■ **EXERCISE INSTRUCTIONS**:
Return the stretch from the line with "The Star actress" through the line with "1935, p. 11." in the data below, character for character, skipping all pictures.

■ **DATA SHOWN**:
* * * * * * *
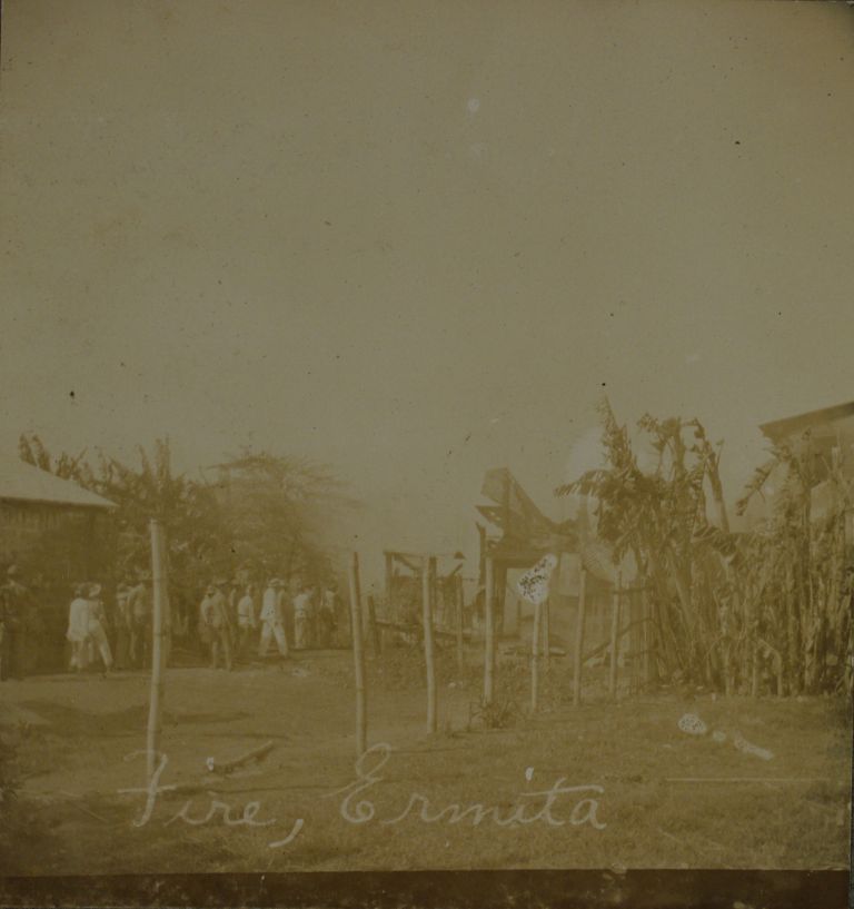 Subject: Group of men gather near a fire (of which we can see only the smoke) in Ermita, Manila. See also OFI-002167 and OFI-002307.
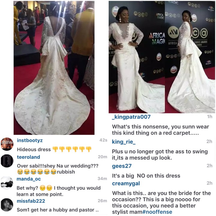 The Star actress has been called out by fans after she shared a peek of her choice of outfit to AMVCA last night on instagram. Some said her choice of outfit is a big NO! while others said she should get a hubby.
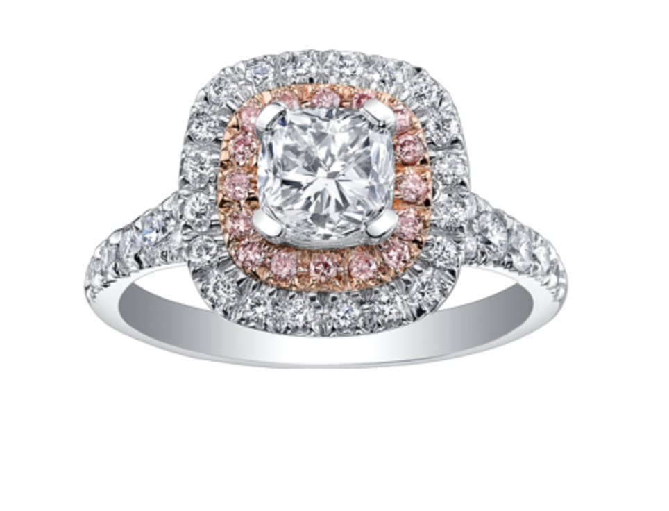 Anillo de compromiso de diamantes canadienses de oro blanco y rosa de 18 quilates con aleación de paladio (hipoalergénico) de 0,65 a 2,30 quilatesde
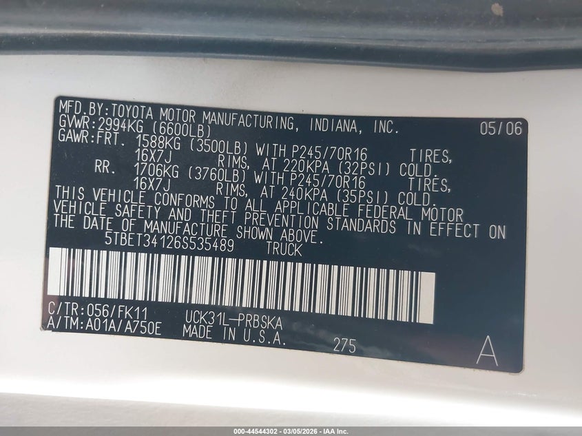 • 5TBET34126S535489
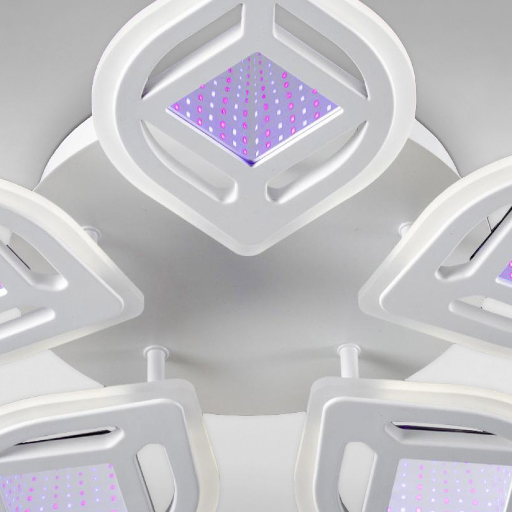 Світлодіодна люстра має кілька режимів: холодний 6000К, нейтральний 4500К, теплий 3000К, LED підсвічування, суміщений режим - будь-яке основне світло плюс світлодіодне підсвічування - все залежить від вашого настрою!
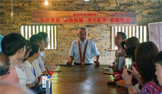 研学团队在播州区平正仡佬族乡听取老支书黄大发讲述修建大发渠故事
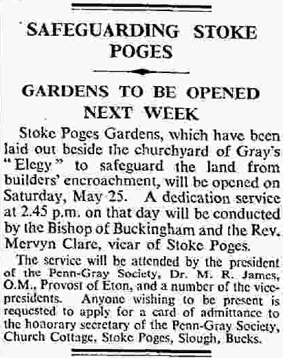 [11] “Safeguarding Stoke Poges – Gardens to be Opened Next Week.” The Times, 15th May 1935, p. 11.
* * * * * * *
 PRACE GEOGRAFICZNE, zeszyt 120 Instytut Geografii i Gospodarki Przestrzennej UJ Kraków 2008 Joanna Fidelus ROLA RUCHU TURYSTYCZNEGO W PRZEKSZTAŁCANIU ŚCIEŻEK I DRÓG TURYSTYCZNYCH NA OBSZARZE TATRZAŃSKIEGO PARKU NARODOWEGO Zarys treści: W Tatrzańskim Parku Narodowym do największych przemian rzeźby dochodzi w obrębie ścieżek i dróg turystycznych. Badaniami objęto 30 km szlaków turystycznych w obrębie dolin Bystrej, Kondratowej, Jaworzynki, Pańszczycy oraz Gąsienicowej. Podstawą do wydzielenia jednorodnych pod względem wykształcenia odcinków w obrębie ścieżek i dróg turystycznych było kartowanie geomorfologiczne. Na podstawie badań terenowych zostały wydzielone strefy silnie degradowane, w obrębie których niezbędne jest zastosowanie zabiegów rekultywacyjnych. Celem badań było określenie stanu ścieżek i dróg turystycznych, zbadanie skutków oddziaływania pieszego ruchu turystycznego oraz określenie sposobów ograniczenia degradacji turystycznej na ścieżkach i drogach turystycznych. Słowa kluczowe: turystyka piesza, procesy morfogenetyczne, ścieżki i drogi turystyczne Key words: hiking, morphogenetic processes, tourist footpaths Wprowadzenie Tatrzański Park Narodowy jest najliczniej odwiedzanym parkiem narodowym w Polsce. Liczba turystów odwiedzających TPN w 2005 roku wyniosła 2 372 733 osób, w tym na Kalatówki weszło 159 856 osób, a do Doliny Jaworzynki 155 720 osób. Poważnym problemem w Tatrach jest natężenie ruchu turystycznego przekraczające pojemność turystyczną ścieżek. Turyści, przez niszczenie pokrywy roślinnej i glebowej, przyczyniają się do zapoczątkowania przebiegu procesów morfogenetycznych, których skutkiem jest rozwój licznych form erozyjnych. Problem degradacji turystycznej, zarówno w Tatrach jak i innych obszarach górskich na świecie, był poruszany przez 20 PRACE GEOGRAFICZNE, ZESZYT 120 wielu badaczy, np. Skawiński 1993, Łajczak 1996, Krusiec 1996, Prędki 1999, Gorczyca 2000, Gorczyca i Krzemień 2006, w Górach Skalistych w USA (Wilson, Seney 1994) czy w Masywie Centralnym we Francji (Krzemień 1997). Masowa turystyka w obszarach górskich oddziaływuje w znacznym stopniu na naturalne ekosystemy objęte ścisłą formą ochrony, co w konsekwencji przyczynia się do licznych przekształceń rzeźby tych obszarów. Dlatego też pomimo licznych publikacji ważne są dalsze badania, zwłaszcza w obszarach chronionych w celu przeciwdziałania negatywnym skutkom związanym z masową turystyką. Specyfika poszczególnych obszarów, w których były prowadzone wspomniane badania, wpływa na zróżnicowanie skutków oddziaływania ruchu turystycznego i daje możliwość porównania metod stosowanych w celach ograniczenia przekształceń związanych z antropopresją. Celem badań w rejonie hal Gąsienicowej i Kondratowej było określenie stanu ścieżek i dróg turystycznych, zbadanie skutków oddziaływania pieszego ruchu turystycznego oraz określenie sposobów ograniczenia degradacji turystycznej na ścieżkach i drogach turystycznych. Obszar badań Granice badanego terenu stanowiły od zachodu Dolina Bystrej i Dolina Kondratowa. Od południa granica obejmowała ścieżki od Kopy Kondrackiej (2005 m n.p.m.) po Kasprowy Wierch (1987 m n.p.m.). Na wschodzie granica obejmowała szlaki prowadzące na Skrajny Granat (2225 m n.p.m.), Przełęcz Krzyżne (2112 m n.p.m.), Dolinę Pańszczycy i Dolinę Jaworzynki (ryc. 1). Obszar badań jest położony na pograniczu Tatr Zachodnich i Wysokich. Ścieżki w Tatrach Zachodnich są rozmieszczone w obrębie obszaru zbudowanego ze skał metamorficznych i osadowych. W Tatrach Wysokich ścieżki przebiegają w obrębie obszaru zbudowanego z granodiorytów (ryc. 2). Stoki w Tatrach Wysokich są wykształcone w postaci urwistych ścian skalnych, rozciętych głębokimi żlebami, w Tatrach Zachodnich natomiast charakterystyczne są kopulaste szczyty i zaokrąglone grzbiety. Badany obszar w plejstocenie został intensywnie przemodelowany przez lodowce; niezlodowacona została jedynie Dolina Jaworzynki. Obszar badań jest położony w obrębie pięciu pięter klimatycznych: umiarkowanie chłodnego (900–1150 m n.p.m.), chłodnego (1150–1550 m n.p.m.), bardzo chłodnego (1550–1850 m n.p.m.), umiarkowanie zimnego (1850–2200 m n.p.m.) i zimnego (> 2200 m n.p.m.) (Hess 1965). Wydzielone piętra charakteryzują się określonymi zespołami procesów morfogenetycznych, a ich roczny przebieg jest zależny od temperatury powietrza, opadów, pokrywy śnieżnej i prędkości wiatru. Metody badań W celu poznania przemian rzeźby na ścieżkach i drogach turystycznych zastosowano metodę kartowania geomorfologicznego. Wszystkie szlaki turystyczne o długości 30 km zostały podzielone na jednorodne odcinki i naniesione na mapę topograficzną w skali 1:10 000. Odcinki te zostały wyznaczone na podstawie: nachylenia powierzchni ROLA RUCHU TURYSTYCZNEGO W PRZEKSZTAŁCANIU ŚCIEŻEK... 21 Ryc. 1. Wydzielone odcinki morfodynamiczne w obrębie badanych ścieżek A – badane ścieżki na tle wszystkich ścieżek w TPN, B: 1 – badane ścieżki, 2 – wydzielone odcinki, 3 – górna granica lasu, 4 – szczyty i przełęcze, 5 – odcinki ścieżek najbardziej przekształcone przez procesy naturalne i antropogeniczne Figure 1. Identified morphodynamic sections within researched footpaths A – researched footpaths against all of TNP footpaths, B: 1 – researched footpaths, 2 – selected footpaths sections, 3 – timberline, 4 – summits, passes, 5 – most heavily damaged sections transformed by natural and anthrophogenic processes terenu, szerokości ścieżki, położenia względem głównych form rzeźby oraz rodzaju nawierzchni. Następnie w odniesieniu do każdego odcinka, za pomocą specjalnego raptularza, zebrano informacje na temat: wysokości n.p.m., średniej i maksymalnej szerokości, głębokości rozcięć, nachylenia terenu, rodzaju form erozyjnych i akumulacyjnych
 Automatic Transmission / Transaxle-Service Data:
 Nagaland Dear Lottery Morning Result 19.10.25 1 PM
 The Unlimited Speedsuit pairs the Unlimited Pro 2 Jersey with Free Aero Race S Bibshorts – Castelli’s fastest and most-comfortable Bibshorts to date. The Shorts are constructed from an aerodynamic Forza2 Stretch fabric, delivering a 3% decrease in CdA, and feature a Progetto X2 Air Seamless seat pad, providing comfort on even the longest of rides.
* * * * * * *
■ **TASK SOLUTION**:
 The Star actress has been called out by fans after she shared a peek of her choice of outfit to AMVCA last night on instagram. Some said her choice of outfit is a big NO! while others said she should get a hubby.
 Anillo de compromiso de diamantes canadienses de oro blanco y rosa de 18 quilates con aleación de paladio (hipoalergénico) de 0,65 a 2,30 quilatesde
 • 5TBET34126S535489
 Світлодіодна люстра має кілька режимів: холодний 6000К, нейтральний 4500К, теплий 3000К, LED підсвічування, суміщений режим - будь-яке основне світло плюс світлодіодне підсвічування - все залежить від вашого настрою!
 研学团队在播州区平正仡佬族乡听取老支书黄大发讲述修建大发渠故事
 [11] “Safeguarding Stoke Poges – Gardens to be Opened Next Week.” The Times, 15th May 1935, p. 11.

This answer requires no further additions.